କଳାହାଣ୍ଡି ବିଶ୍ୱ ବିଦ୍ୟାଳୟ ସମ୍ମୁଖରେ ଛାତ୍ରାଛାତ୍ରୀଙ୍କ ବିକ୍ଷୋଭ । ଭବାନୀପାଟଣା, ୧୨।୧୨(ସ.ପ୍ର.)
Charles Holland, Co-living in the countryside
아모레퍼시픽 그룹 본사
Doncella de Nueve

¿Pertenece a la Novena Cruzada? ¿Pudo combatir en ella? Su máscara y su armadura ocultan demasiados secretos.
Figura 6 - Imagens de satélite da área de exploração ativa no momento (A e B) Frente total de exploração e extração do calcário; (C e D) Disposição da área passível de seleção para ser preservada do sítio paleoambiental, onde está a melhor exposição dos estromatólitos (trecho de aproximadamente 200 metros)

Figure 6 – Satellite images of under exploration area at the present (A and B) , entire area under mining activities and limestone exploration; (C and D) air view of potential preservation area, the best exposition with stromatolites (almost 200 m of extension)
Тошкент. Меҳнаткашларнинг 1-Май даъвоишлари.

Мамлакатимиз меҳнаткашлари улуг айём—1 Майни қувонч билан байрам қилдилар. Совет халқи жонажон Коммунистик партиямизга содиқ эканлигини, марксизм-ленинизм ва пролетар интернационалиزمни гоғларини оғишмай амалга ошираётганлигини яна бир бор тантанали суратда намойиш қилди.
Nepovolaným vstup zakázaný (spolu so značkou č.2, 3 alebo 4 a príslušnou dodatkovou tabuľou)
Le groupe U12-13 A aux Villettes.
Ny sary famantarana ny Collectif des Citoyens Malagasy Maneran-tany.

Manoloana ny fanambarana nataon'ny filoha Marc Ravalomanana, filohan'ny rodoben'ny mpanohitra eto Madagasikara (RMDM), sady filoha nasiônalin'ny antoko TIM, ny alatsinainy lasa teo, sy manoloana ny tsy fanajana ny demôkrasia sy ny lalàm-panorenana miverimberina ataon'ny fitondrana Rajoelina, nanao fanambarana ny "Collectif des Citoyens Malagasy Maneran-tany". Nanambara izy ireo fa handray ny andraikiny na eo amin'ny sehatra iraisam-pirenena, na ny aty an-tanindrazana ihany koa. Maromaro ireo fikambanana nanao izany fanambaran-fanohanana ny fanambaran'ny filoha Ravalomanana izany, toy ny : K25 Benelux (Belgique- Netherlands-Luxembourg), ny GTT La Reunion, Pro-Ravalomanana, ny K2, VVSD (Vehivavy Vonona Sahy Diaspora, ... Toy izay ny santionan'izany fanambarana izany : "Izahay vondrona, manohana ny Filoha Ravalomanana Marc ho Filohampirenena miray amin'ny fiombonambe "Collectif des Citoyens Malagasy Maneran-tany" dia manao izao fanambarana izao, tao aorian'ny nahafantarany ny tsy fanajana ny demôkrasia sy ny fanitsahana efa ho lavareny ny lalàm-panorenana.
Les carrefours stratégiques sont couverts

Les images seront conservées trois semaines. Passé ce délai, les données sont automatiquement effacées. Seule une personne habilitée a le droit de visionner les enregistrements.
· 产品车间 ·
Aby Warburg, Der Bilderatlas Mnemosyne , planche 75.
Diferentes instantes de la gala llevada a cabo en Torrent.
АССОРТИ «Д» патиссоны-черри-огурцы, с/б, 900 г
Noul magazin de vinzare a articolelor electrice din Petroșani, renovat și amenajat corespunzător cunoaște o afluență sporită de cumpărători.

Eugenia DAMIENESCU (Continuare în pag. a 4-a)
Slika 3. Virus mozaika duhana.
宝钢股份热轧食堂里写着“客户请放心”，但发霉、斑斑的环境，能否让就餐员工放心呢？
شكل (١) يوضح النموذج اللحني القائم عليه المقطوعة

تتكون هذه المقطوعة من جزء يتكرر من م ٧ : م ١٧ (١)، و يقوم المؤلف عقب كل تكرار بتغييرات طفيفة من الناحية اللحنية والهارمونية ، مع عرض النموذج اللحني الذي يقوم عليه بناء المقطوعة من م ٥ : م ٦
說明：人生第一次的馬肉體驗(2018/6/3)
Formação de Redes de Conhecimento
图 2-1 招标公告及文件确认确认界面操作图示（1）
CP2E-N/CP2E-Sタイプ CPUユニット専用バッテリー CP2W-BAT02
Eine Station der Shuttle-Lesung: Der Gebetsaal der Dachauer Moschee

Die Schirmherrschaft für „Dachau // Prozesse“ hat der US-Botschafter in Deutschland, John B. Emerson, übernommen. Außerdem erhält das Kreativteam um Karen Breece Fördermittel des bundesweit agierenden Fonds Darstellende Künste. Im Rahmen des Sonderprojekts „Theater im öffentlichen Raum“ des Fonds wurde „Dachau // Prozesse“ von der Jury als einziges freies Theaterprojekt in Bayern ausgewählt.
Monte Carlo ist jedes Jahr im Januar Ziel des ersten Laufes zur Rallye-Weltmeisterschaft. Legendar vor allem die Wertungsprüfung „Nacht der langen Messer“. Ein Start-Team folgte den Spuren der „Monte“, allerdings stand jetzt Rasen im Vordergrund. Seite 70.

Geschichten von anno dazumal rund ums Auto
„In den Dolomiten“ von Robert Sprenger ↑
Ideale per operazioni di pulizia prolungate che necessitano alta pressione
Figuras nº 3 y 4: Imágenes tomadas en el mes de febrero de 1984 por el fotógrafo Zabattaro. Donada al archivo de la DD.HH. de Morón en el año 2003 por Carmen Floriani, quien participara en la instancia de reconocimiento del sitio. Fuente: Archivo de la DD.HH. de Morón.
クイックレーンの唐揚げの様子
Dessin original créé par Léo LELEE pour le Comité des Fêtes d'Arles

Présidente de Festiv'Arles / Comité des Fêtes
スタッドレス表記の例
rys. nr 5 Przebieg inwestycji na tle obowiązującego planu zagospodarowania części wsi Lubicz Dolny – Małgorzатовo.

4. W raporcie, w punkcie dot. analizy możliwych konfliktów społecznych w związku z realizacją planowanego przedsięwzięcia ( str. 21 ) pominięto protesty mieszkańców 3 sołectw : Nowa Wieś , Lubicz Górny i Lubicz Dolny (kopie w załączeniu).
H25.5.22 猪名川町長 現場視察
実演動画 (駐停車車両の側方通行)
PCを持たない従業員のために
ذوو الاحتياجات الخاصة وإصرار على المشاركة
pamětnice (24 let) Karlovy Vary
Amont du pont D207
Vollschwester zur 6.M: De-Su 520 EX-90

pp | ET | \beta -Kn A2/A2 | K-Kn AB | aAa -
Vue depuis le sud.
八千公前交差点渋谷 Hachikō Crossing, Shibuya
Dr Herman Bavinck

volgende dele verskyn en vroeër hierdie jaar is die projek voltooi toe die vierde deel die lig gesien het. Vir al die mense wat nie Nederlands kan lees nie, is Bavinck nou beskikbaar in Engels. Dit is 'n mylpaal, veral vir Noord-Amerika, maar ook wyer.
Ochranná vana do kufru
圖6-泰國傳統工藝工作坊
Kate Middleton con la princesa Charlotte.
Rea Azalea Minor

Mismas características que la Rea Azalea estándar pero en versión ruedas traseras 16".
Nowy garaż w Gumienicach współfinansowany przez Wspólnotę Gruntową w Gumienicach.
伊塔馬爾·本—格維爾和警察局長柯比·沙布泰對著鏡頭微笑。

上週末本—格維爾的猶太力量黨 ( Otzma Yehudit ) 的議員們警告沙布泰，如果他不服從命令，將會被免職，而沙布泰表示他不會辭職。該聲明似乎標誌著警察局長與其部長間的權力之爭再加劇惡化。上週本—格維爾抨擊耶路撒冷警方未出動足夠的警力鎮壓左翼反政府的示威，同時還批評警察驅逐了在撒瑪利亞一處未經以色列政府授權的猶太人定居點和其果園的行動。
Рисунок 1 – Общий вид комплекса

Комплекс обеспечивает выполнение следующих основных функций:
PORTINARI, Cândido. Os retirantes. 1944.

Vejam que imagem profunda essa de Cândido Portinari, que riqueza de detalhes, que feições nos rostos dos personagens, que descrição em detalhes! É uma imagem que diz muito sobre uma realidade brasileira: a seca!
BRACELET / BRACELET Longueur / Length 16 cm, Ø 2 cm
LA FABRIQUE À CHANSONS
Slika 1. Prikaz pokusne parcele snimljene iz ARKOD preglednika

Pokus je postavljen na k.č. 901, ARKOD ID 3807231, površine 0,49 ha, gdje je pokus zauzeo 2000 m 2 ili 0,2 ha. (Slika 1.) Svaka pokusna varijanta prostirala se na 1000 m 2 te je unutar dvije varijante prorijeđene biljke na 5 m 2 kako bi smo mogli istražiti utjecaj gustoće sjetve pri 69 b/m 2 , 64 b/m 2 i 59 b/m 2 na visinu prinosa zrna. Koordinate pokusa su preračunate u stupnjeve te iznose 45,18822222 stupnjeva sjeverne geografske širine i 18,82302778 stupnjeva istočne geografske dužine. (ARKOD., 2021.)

####################

What the task asks » Reproduce, exactly as they stand in the data above, the lines from the one that holds "патиссоны-черри-огурцы, с/б, 900 г" to the one that holds "Eine Station der", inclusive.

Answer for the task »
АССОРТИ «Д» патиссоны-черри-огурцы, с/б, 900 г
Noul magazin de vinzare a articolelor electrice din Petroșani, renovat și amenajat corespunzător cunoaște o afluență sporită de cumpărători.

Eugenia DAMIENESCU (Continuare în pag. a 4-a)
Slika 3. Virus mozaika duhana.
宝钢股份热轧食堂里写着“客户请放心”，但发霉、斑斑的环境，能否让就餐员工放心呢？
شكل (١) يوضح النموذج اللحني القائم عليه المقطوعة

تتكون هذه المقطوعة من جزء يتكرر من م ٧ : م ١٧ (١)، و يقوم المؤلف عقب كل تكرار بتغييرات طفيفة من الناحية اللحنية والهارمونية ، مع عرض النموذج اللحني الذي يقوم عليه بناء المقطوعة من م ٥ : م ٦
說明：人生第一次的馬肉體驗(2018/6/3)
Formação de Redes de Conhecimento
图 2-1 招标公告及文件确认确认界面操作图示（1）
CP2E-N/CP2E-Sタイプ CPUユニット専用バッテリー CP2W-BAT02
Eine Station der Shuttle-Lesung: Der Gebetsaal der Dachauer Moschee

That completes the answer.